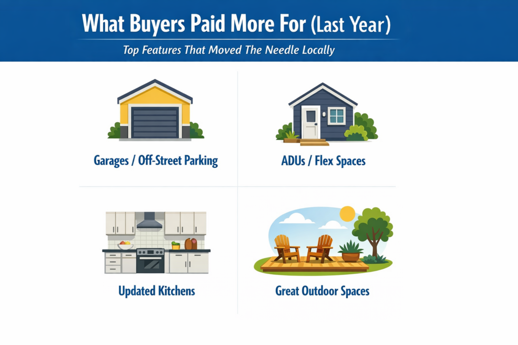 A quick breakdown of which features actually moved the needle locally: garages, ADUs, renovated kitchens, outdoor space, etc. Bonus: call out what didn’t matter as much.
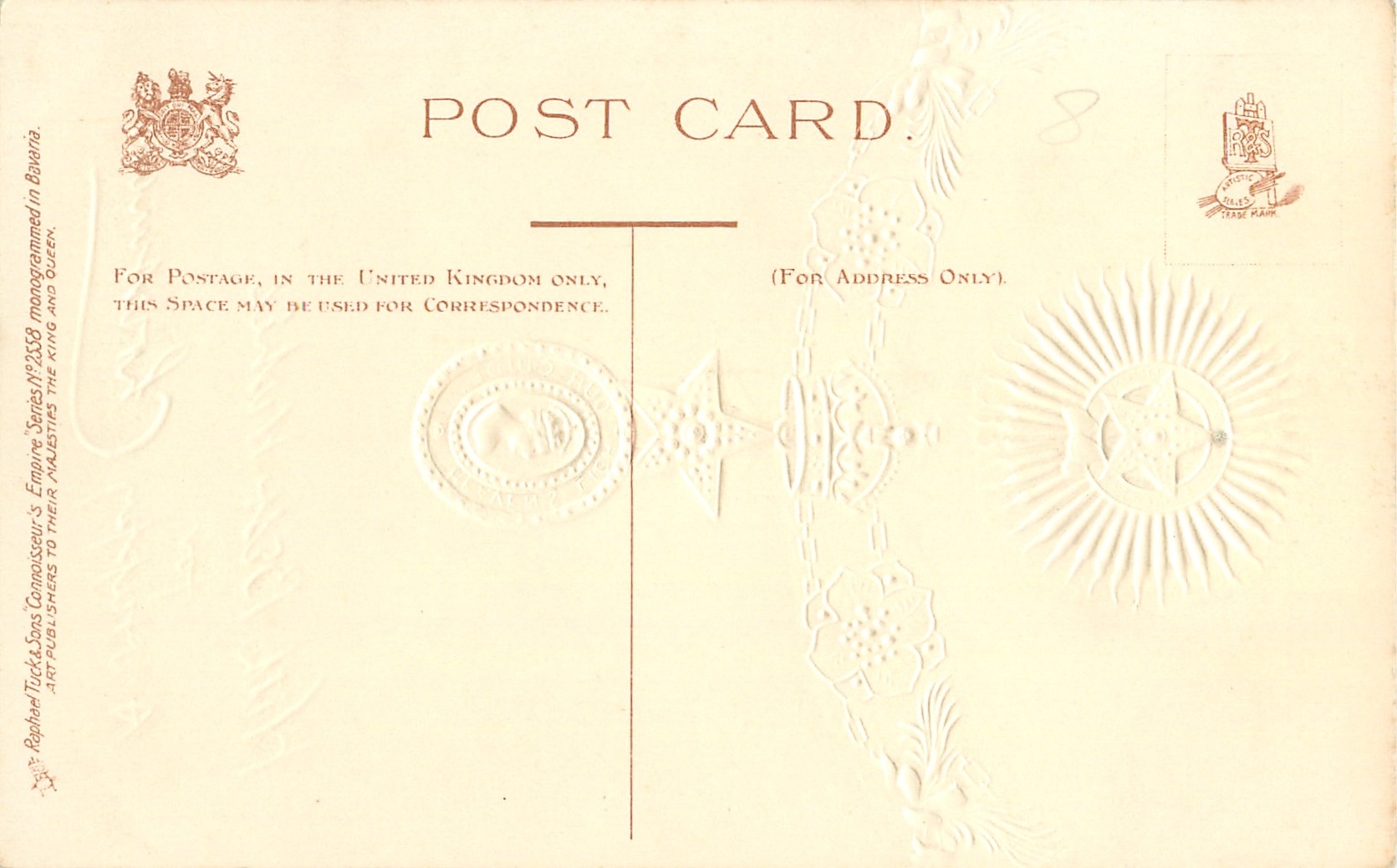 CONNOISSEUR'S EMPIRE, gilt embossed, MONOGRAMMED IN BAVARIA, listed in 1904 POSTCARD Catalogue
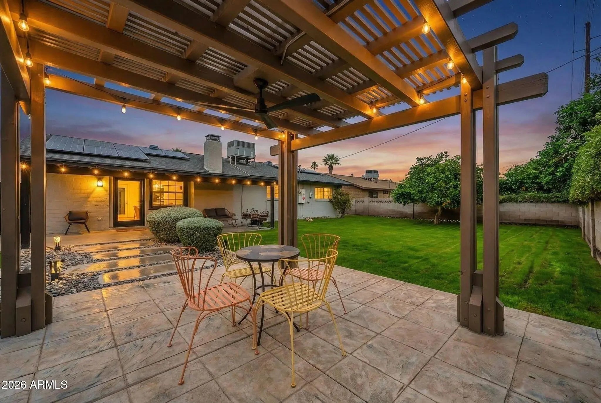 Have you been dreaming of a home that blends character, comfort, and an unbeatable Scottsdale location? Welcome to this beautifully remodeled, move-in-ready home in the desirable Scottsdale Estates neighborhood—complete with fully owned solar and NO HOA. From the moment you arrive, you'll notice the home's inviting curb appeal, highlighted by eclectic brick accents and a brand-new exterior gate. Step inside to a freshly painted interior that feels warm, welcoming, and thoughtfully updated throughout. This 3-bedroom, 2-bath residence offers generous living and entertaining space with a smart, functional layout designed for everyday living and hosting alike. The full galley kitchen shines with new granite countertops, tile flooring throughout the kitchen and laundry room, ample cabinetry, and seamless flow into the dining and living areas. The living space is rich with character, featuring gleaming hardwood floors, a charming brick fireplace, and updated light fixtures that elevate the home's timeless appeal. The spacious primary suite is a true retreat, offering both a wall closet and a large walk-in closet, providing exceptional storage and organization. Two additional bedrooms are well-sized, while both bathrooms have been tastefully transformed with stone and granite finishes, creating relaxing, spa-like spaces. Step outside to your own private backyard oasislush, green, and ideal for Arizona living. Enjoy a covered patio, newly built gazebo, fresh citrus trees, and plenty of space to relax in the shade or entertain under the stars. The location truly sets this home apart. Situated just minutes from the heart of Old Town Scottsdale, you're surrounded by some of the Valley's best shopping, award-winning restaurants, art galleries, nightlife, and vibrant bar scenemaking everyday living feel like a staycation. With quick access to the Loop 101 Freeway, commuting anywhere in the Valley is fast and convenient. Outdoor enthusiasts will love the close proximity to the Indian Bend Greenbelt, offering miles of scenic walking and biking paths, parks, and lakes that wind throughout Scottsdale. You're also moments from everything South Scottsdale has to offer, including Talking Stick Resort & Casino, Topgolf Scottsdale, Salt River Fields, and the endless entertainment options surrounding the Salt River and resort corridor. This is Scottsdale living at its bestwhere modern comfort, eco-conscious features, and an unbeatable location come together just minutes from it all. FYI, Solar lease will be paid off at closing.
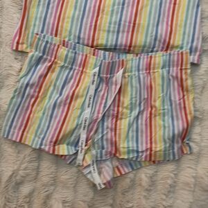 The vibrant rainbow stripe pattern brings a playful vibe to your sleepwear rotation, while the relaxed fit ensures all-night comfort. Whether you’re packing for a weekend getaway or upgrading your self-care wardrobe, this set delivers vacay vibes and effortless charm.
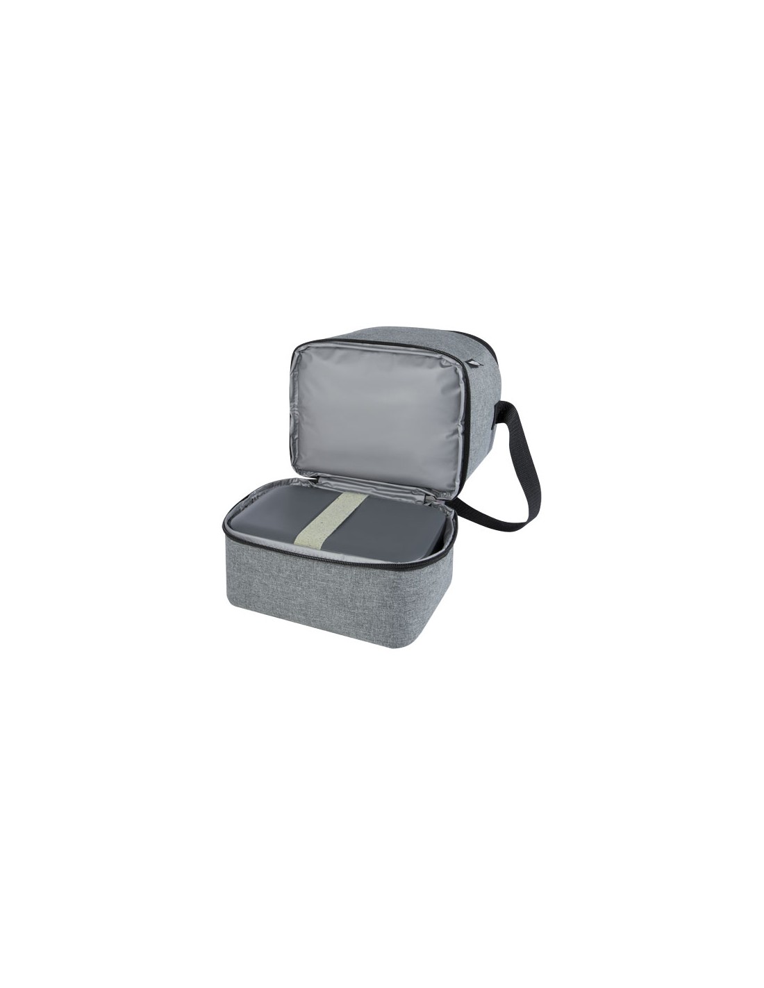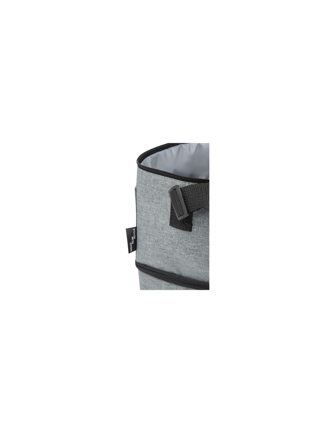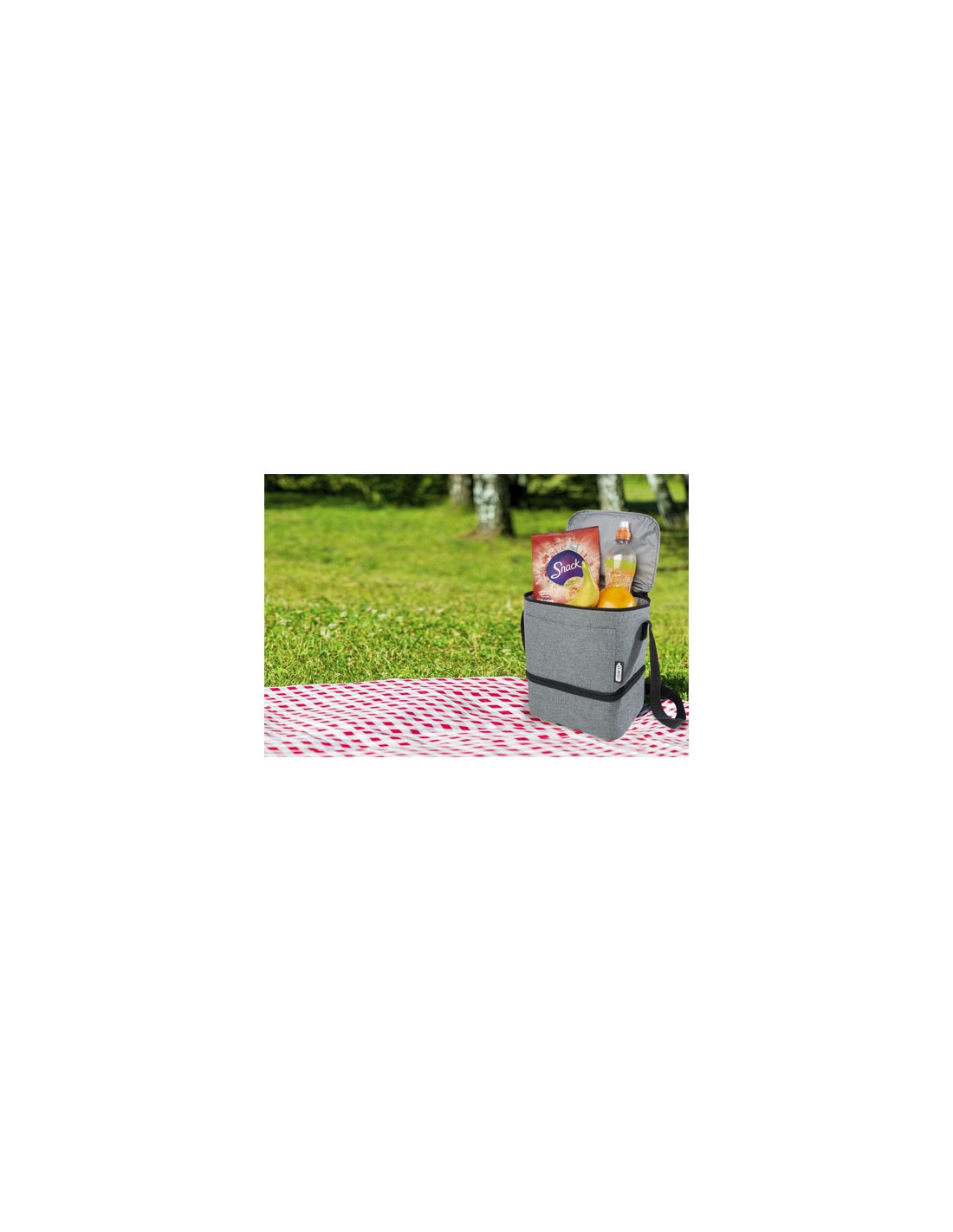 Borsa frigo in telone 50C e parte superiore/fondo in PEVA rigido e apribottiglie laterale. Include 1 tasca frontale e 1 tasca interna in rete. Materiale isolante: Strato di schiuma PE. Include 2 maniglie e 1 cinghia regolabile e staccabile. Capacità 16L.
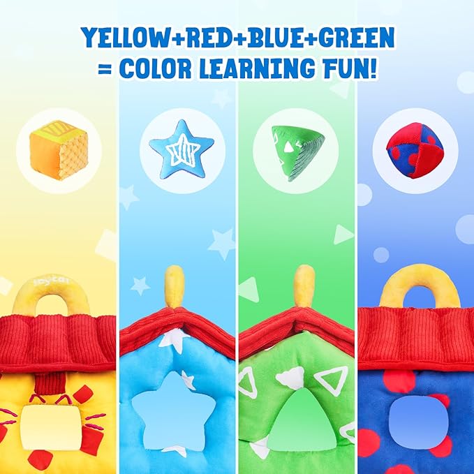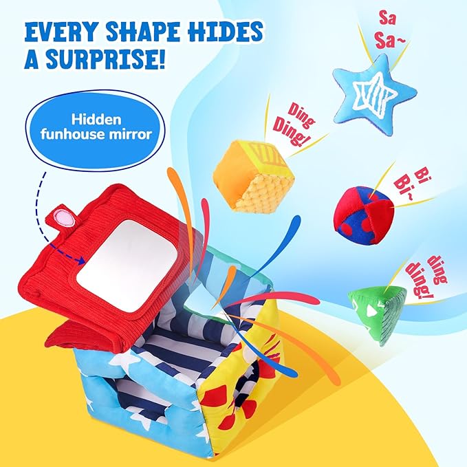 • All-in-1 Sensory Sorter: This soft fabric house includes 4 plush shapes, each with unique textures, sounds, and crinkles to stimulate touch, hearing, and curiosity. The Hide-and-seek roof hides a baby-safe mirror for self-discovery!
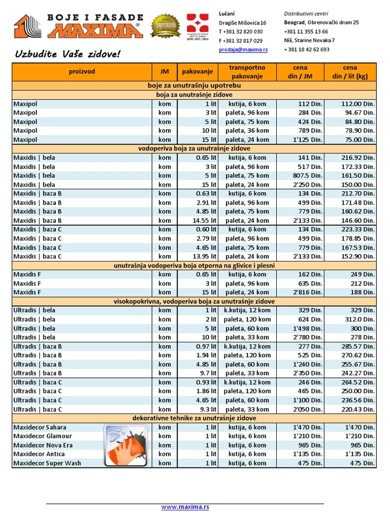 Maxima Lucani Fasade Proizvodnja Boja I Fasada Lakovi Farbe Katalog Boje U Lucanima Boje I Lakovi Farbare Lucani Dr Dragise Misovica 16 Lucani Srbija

※

Starting with the first line of the data above and ending with the line containing "CONNOISSEUR'S EMPIRE, gilt", please restate every line exactly, leaving images out.

 A quick breakdown of which features actually moved the needle locally: garages, ADUs, renovated kitchens, outdoor space, etc. Bonus: call out what didn’t matter as much.
 CONNOISSEUR'S EMPIRE, gilt embossed, MONOGRAMMED IN BAVARIA, listed in 1904 POSTCARD Catalogue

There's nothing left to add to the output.